Modeling energy efficiency as a supply resource: a bottom-up approach

  • Etan GumermanEmail author
  • Tibor Vegh
Original Article
  • 98 Downloads

Abstract

Energy efficiency may be an inexpensive way to meet future demand and reduce greenhouse gas emissions, yet little work has been attempted to estimate annual energy efficiency supply functions for electricity planning. The main advantage of using a supply function is that energy efficiency adoption can change as demand changes. Models such as Duke University’s Dynamic Integrated Economy/Energy/Emissions Model (DIEM) have had to rely on simplistic or fixed estimates of future energy efficiency from the literature rather than on estimates from energy efficiency supply curves. This paper attempts to develop a realistic energy efficiency supply curve and to improve on the current energy efficiency modeling. It suggests an alternative approach based on saved-energy cost data from program administrators and explains the methodologies employed to create the supply curve. It illustrates this approach with results from DIEM for various electricity demand scenarios. The analysis suggests that an additional 5–9% of energy efficiency is deployed for every 10% increase in the cost of electricity. Therefore, DIEM “invested” in energy efficiency up to an inelastic point on the energy efficiency supply curve.

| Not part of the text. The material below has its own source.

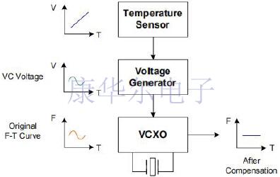 模擬TCXO的標準框圖如圖3所示.在校準過程之前,VCXO(電壓控制晶體振蕩器)的頻率在25℃時約為+/-15ppm,通常在+/-10ppm的范圍內.工作溫度.經過補償網絡后,將電壓施加到VCXO中的變容二極管.電容變化補償了晶體的fvs.T特性,為+/-0.5ppm(-30~85℃).
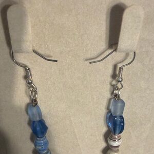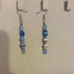 Elegant blue and beige beaded earrings perfect for any occasion. Add a touch of color to your outfit with these stylish accessories.

By contrast, the U.S. Environmental Protection Agency’s energy efficiency approach assumes that realized energy efficiency is fixed, and has no elasticity, regardless of changes to marginal costs or constraints that affect emissions or economics.

Keywords

Electricity and integrated resource planning Supply curve, supply function Utility economics Energy efficiency potential Cost of saved energy 

Notes

Acknowledgements

The important contribution of our colleague, Martin Ross, who performed the DIEM modeling using the energy efficiency supply curve and provided strategic advice; Brian Murray and Kyle Bradbury (Duke University) for providing insightful comments on earlier versions of this manuscript; Melissa Edeburn (Duke University) for editing and formatting.

Compliance with ethical standards

Conflict of interest

The authors declare that they have no conflict of interest.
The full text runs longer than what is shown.